Wavering, called the wiper effect, is nothing unusual for models that often struggle to forecast turns. But it creates uncertainty, and anxiety, with the public that frustrates forecasters, particularly with so many different and often outdated and unreliable models splashed across the Internet.
“I just absolutely refuse to show what some people call the spaghetti model and throw everything in doubt,” said former hurricane center director Max Mayfield, who’s now a hurricane specialist for WPLG Local 10.
The hurricane center generally relies on models that they verify for accuracy yearly. These include the European and U.S. models, as well as an ensemble run of other models. Over the years, the official forecast tracks from the center have repeatedly fared better than single any model. Mayfield often shows the models used by the hurricane center, but only to give viewers an idea of what they’re considering.
Forecasters also look for patterns in model runs to avoid basing projections on a single run.
“I don’t like to get all excited about one run to the next run. I like to look at a lot of models over a lot of runs and look for trends and consistency,” said University of Miami hurricane researcher Brian McNoldy. “If you have a model that hops around from one run to the next to the next, it’s kind of like an eye-rolling moment. It shows it doesn’t really have a grasp on what’s happening.”
Until Irma turns, forecasters can’t say what impacts will hit Florida. Irma is not only astonishingly intense, but large, with tropical storm force winds extending 185 miles from its center. By comparison, Hurricane Andrew, which leveled parts of South Florida in 1992, had winds extending just 90 miles from its center.

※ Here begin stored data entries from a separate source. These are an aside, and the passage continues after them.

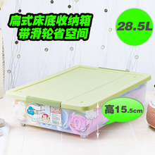 茶花床底收纳箱塑料有盖透明床底储物箱用大号整理箱扁平型带滑轮
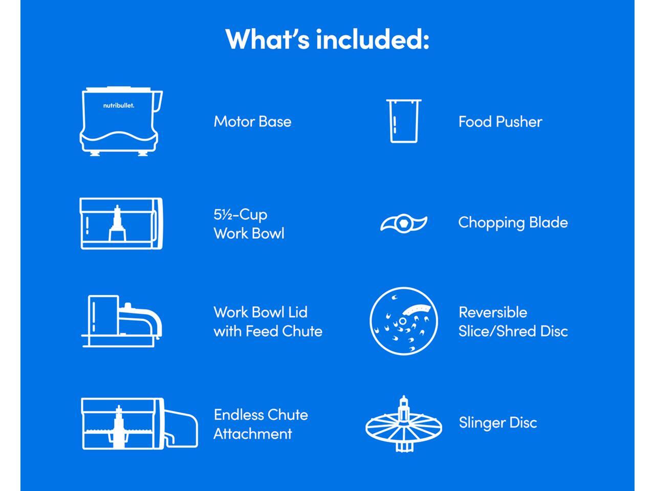- Includes: 5 1/2 Cup Work Bowl, Chopping Blade, Endless Chute, Lid w/ Feed tube, Medium Pusher, Reversible Slicing / Shredding Disc, Slinger Disc
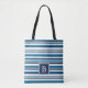 Blue and White Multi Stripe Monogram Tote Bag
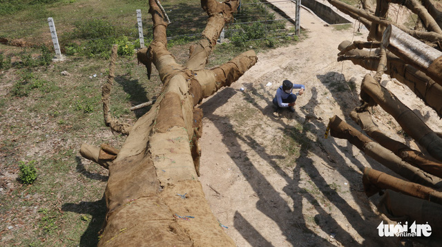 Ông Điệp cho biết cây đa sộp có đường kính khoảng 1,4m, chiều cao dưới cành là 7m. Do ảnh hưởng của cơn bão số 12 (tháng 10-2017) đã làm cây bị nghiêng, khả năng gãy đổ vào nhà rất cao nên ông Điệp bán cây cho ông Quân.
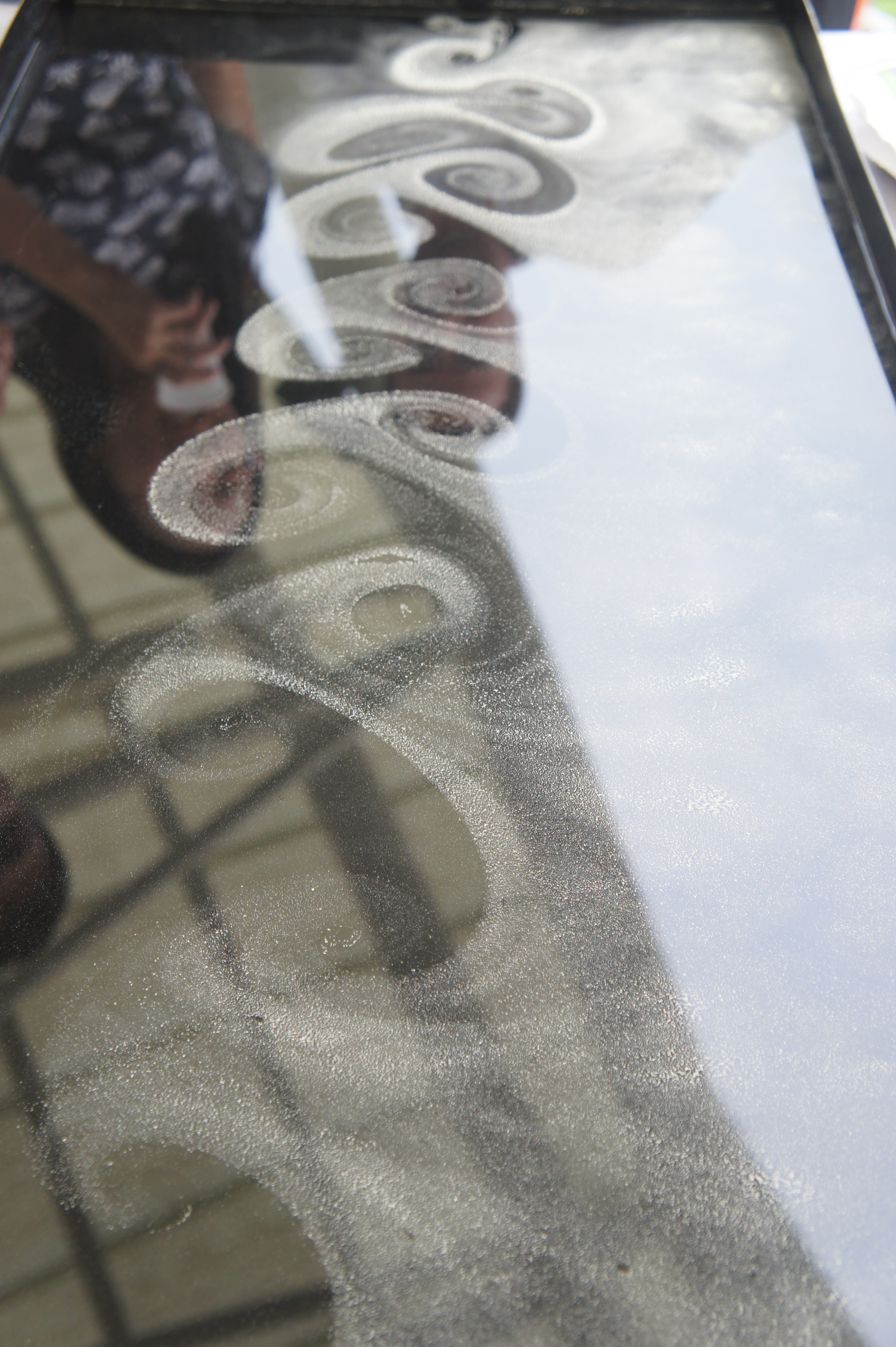 - Một tác phẩm “thư pháp” trên nước với phấn hoa.

Florida could begin feeling tropical storm force winds late Friday or early Saturday, with hurricane conditions moving across the state over the weekend. Until it makes landfall, it’s expected to remain a dangerous Cat 4 or 5.
“The bottom line is nobody on the planet can tell you if the corner of the hurricane is going to be over us or just off the coast. It’s just too far out,” Mayfield said. “Even if they have a perfect forecast, and if it falls in the middle of the cone, we’re close enough to have impacts.”
Miami Herald staff writers Carli Teproff, Kristen M. Clark and Jacqueline Charles, along with The Associated Press, contributed to this story.